Global adjustments may not be the best solution. Better results are usually possible if editing tools are applied selectively where they are needed most. Should we warm up an entire image, including faces, neutral tones and overcast skies? Should we apply the same sharpening tool to every texture? Should we apply saturation to every pixel and every colour in the image? Colour-correction adjustments may favour some parts of the image more than others. When working with black and white images is it best to apply the same colour-toning to the highlights, the mid-tones and the shadows? Probably not. Should we reduce noise everywhere? Possibly not. Noise reduction affects image quality.
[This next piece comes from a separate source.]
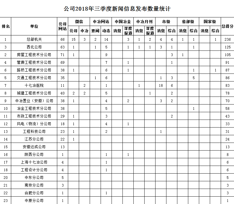 公司2018年三季度新聞信息發(fā)布數(shù)量統(tǒng)計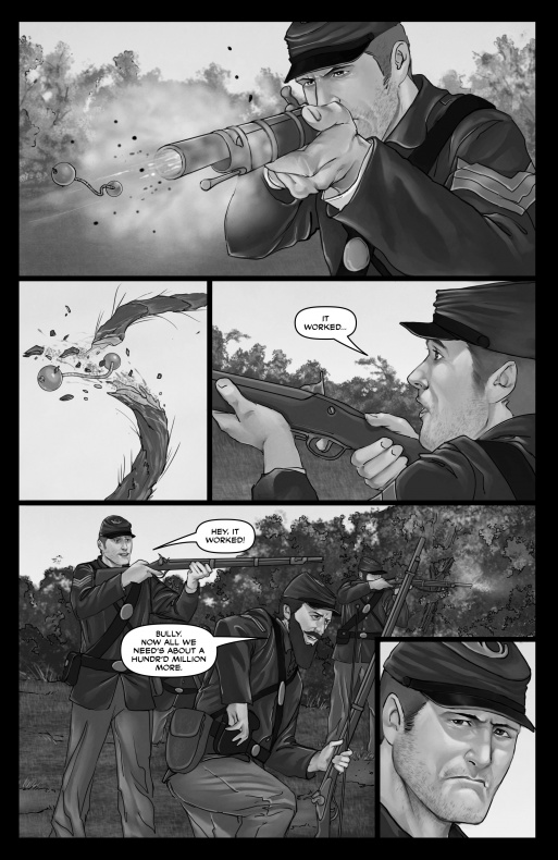 Quizás la serie que más interés gane de las cinco con respecto al tomo anterior sea la de ‘Una Unión más perfecta’, con el guion de Max Brooks y el dibujo de Michael DiPascale, que parece mejorar levemente. Tras unas primeras historias centradas en la presentación de los personajes y la situación, ahora ya entramos de lleno en el conflicto con unas páginas rellenas de guiños que todos aquellos entusiastas de la Guerra de Secesión apreciarán, desde apuntes sobre los modelos de armas utilizadas y su repercusión hasta la inclusión de personajes con carga histórica. La encarnizada batalla entre americanos e insectos gigantes ha comenzado, y las ganas por ver de qué manera va a seguir esto son muy grandes, sobre todo por el hype creciente inspirado por todo lo que tiene que ver con el coronel Thomas Chamberlain y su… ¿locura?

The same is true of Tone Curves, the most powerful tool in image-editing. Relevant tones can be targeted in separate layers (see above for further information). Working subtly with specifically selected areas that have been copied into separate layers will certainly extend creativity and so enhance the final image.

Getting Help with the Learning Curve

If you’re new to DSLRs or advanced digital compacts you may be thinking about joining an online photo-forum where you can share your new hobby with more experienced photographers. There will be times when you will get the help and encouragement you need, but a word of warning: don’t be too quick to accept all of the photographic advice that's on offer.


Use a card reader to copy your new images to your hard drive, then selectively edit them in software

Sometimes personal preferences and an innocent lack of experience may only serve to compound your difficulties and cause further confusion. For a while at least it's preferable to rely on a few good photo magazines. Read the more practical articles carefully, perhaps cutting them out as you go along and keeping them on file. But best of all, totally immerse yourself in several very good down-to-earth books on the subject.